## THE TASK
What is needed is a word-for-word copy of the lines below from the one with "移転後のアカウント情報を入力したら[詳細設定]をクリックする。" through the one with "主臥室以灰色和白色為主色調(diào),搭配黃色和紫色的", both included, with every picture left out.
Top of SUPPLIED MATERIAL
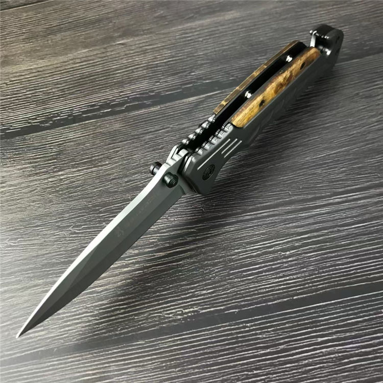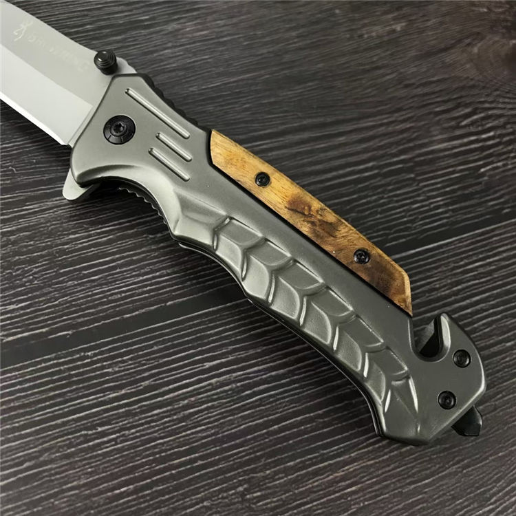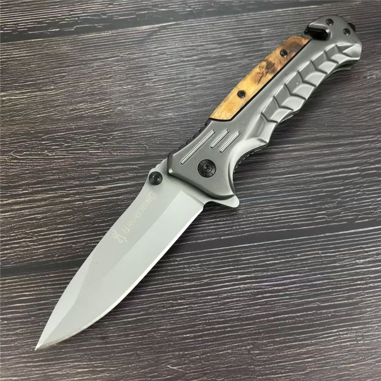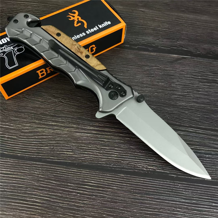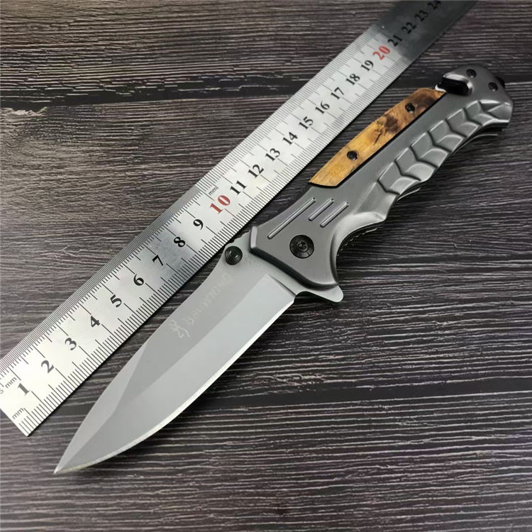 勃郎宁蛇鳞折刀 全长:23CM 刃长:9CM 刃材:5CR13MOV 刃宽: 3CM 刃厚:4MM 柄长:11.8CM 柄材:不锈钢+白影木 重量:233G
Bottom of SUPPLIED MATERIAL
Top of SUPPLIED MATERIAL
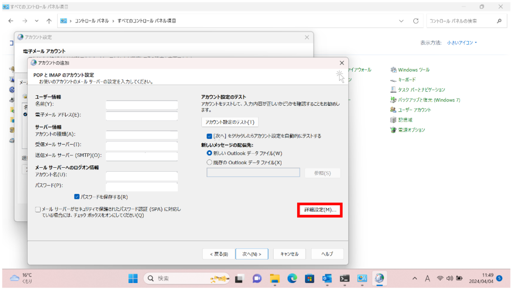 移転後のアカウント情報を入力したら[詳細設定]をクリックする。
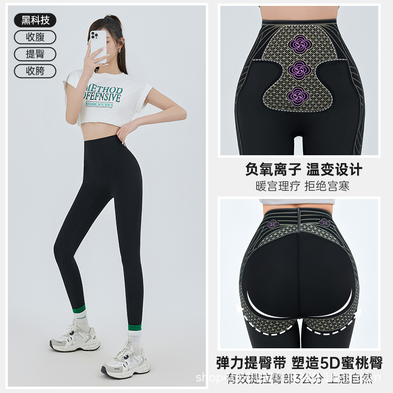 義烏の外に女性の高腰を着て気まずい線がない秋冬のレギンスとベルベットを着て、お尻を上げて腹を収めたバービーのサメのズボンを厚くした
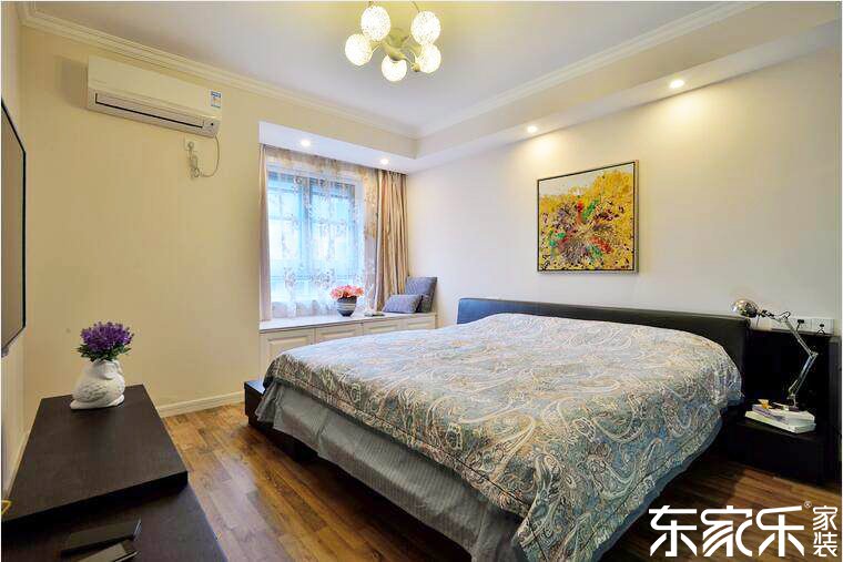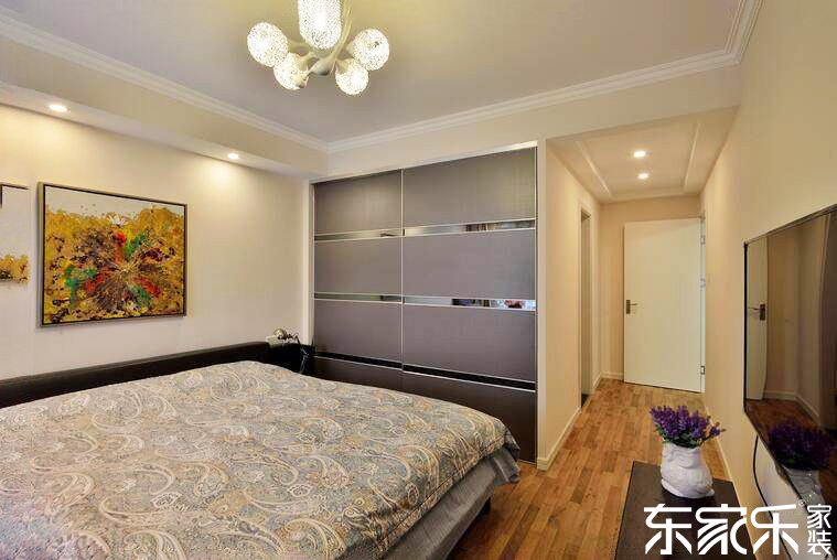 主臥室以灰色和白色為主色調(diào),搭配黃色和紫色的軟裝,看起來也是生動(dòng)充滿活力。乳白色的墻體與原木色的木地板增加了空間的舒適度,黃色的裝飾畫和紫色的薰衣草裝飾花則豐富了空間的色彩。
Bottom of SUPPLIED MATERIAL
## REPLY TO THE TASK
 移転後のアカウント情報を入力したら[詳細設定]をクリックする。
 義烏の外に女性の高腰を着て気まずい線がない秋冬のレギンスとベルベットを着て、お尻を上げて腹を収めたバービーのサメのズボンを厚くした
 主臥室以灰色和白色為主色調(diào),搭配黃色和紫色的軟裝,看起來也是生動(dòng)充滿活力。乳白色的墻體與原木色的木地板增加了空間的舒適度,黃色的裝飾畫和紫色的薰衣草裝飾花則豐富了空間的色彩。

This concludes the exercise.